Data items
-*-*-
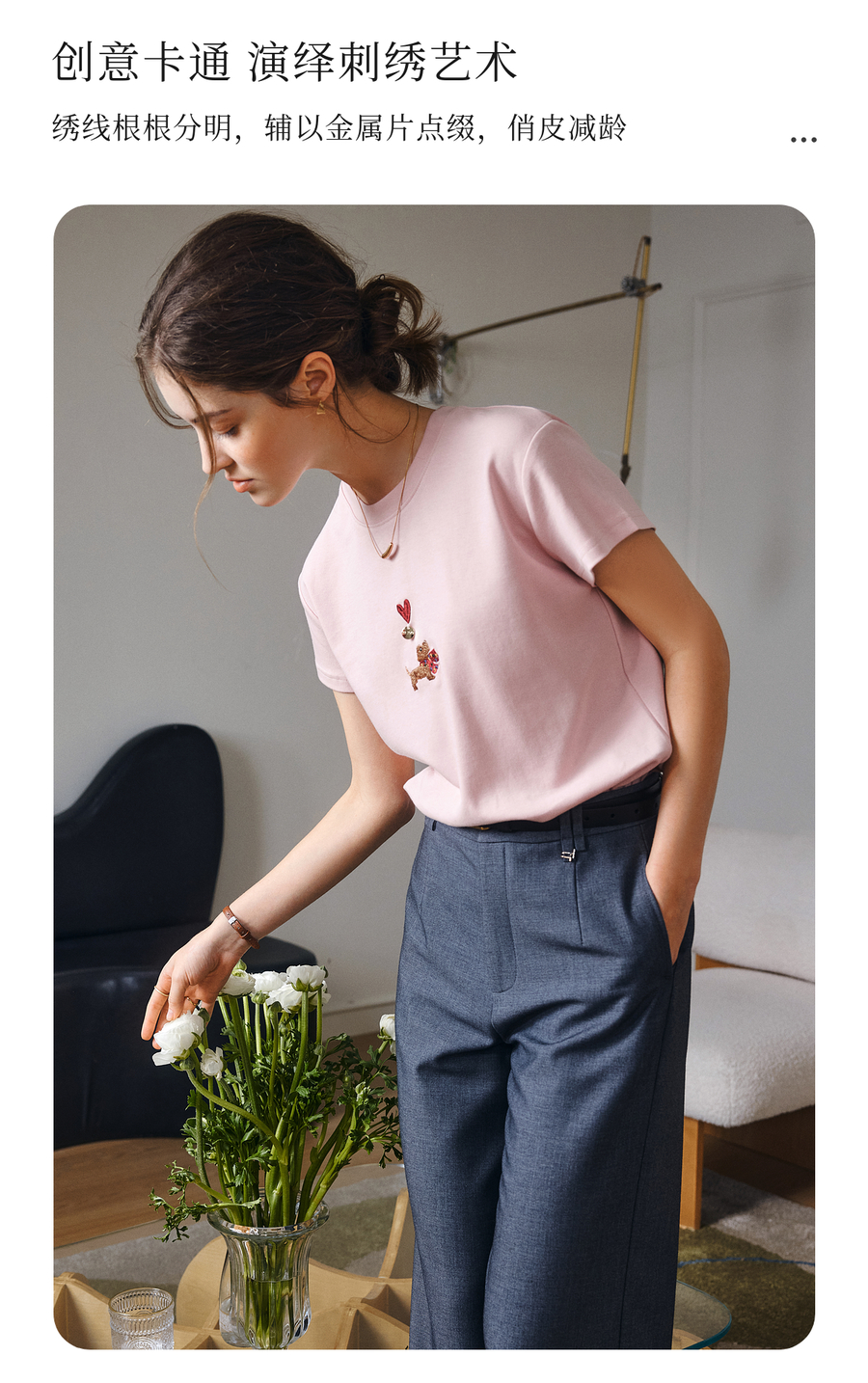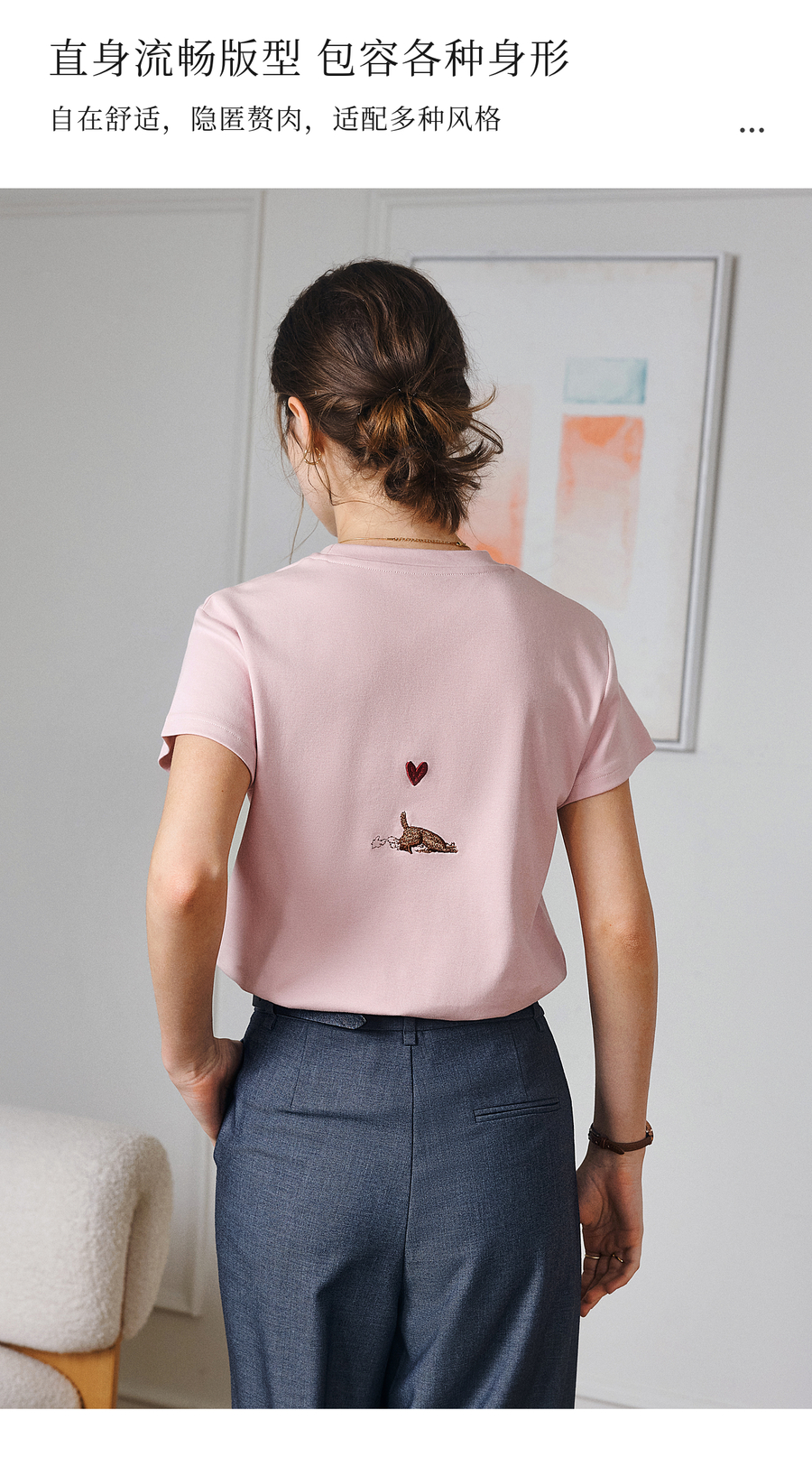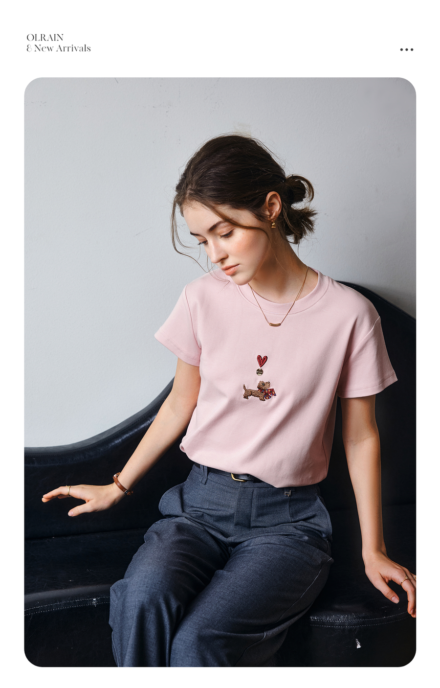 OLrain欧芮儿粉色短袖T恤女夏季2025年新款休闲百搭刺绣上衣
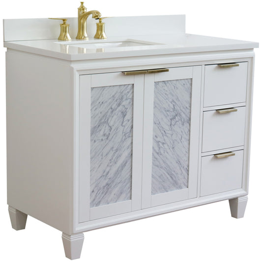 43" Single vanity in White finish with White engineered stone and rectangle sink Left door/Left sink
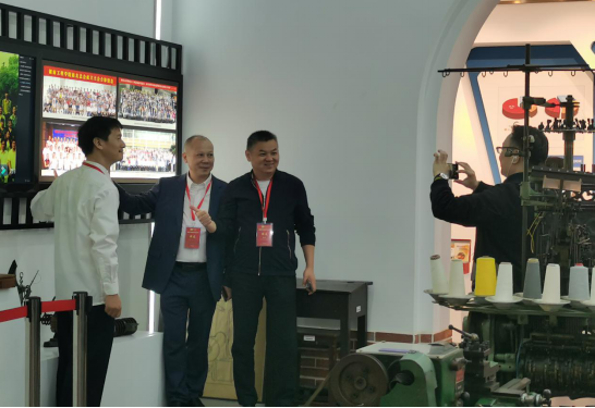 党委书记陈岳堂来到校史馆,与校友、嘉宾们互动交流,共忆辉煌岁月。展板上闪动的照片、校友信息平台上点击搜索个人资料、展顶印有梭子、齿轮元素,签名板拍照打卡……校史馆极具科技感和现代感的设计无一不吸引着校友们的目光,他们都表达了自己对校史馆的赞叹。
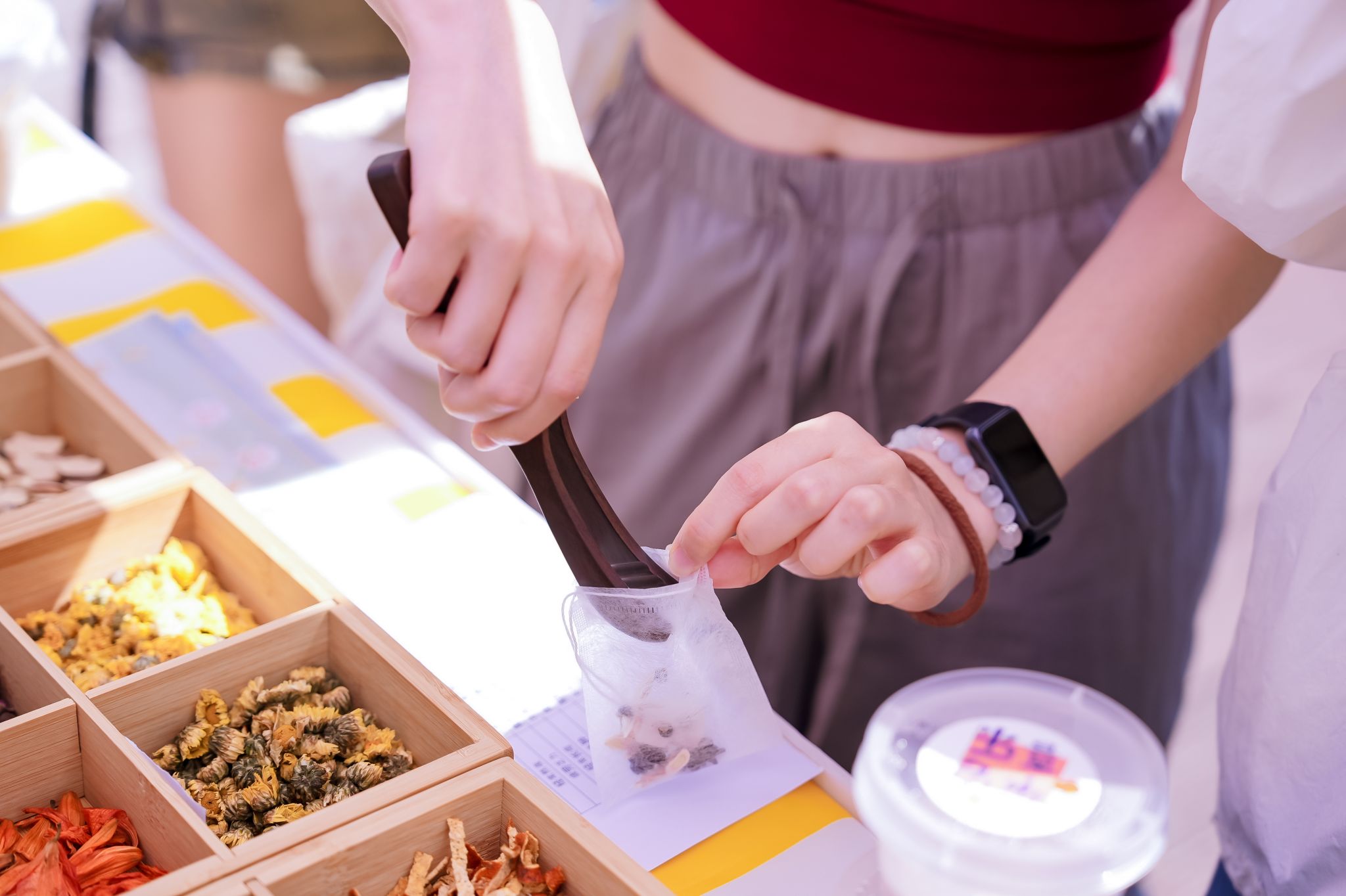 当非遗美食的香气在指尖流转,“食”光物语非遗美食DIY区以一场沉浸式手作盛宴,将活动氛围推向最高潮。展区聚焦传统酿造、手工点心等技艺,通过图文并茂的展板和实物陈列,系统梳理传统食品的历史渊源与制作技艺,让师生在品尝非遗美食的同时,感受中华饮食文化的博大精深。在专业教师和研究生团队的指导下,参与者亲手制作传统中式糕点桔红糕与养生花茶。从揉制糯米粉团到调配花茶配方,每个步骤都渗透着传统饮食的智慧:桔红糕的制作还原了古法手工技艺,强调“慢工出细活”的匠人精神;养生花茶的搭配则结合现代营养学,让参与者在个性化创作中体会“药食同源”的养生理念。“原来传统美食里藏着这么多科学门道,自己动手更觉得每一口都充满文化韵味。”一位参与者感慨道。
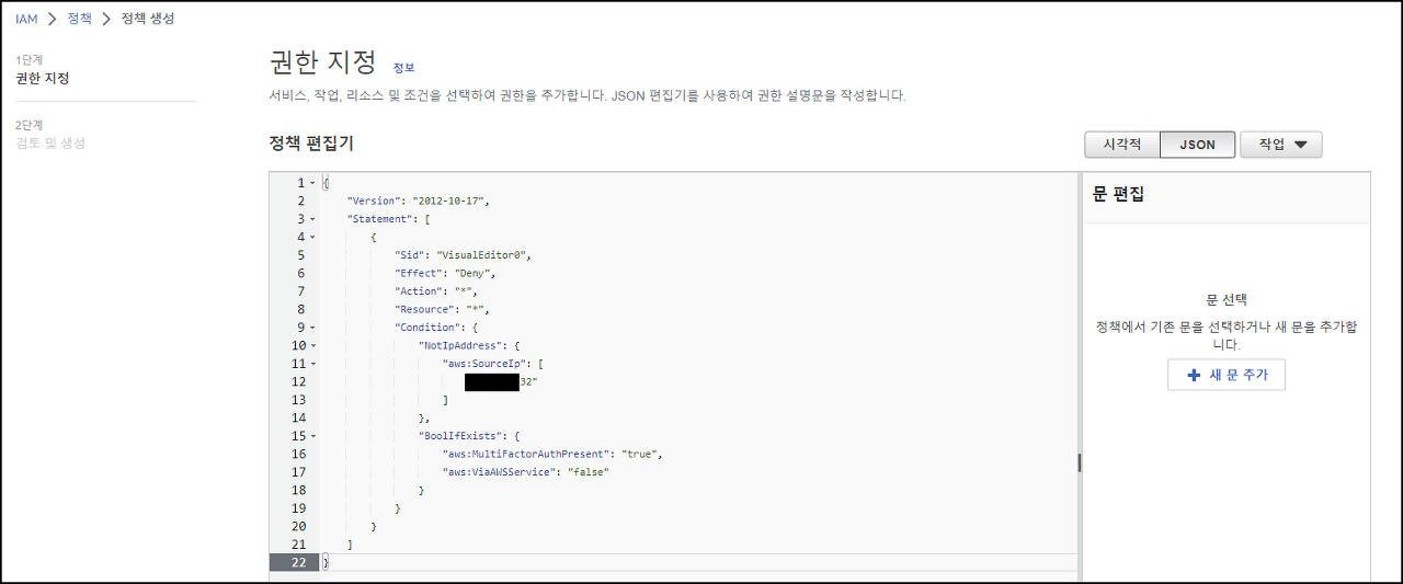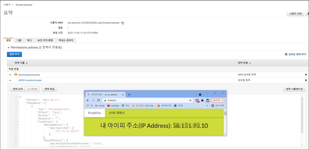 보안 강화를 위해 특정 IP 또는 대역만 AWS Console 접근 허용 하는 방법으로 다음과 같은 작업순서로 진행해보도록 하겠습니다.
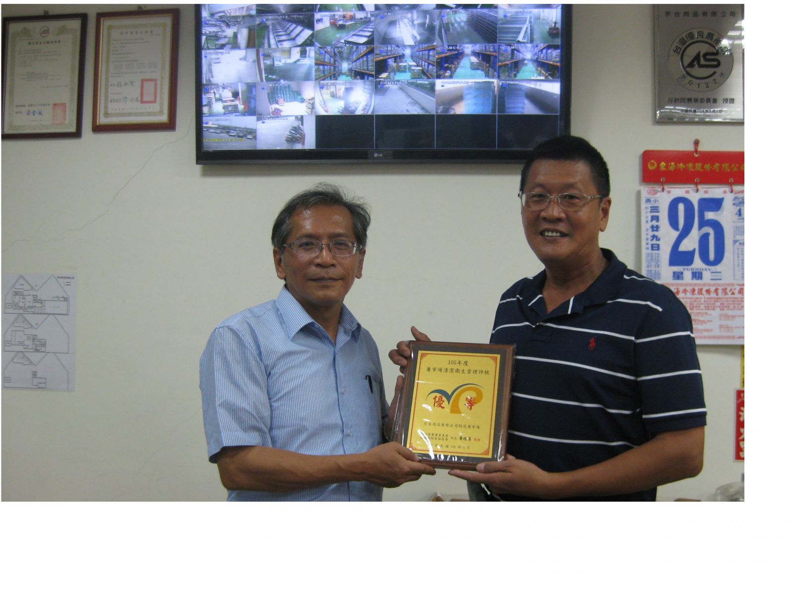 【105年度屠宰場清潔衛生管理評核優等獎】
-*-*-
YOUR OBJECTIVE -> Would you copy the records word for word, without any of their pictures?

ANSWER TO THE EXERCISE ->
 OLrain欧芮儿粉色短袖T恤女夏季2025年新款休闲百搭刺绣上衣
 43" Single vanity in White finish with White engineered stone and rectangle sink Left door/Left sink
 党委书记陈岳堂来到校史馆,与校友、嘉宾们互动交流,共忆辉煌岁月。展板上闪动的照片、校友信息平台上点击搜索个人资料、展顶印有梭子、齿轮元素,签名板拍照打卡……校史馆极具科技感和现代感的设计无一不吸引着校友们的目光,他们都表达了自己对校史馆的赞叹。
 当非遗美食的香气在指尖流转,“食”光物语非遗美食DIY区以一场沉浸式手作盛宴,将活动氛围推向最高潮。展区聚焦传统酿造、手工点心等技艺,通过图文并茂的展板和实物陈列,系统梳理传统食品的历史渊源与制作技艺,让师生在品尝非遗美食的同时,感受中华饮食文化的博大精深。在专业教师和研究生团队的指导下,参与者亲手制作传统中式糕点桔红糕与养生花茶。从揉制糯米粉团到调配花茶配方,每个步骤都渗透着传统饮食的智慧:桔红糕的制作还原了古法手工技艺,强调“慢工出细活”的匠人精神;养生花茶的搭配则结合现代营养学,让参与者在个性化创作中体会“药食同源”的养生理念。“原来传统美食里藏着这么多科学门道,自己动手更觉得每一口都充满文化韵味。”一位参与者感慨道。
 보안 강화를 위해 특정 IP 또는 대역만 AWS Console 접근 허용 하는 방법으로 다음과 같은 작업순서로 진행해보도록 하겠습니다.
 【105年度屠宰場清潔衛生管理評核優等獎】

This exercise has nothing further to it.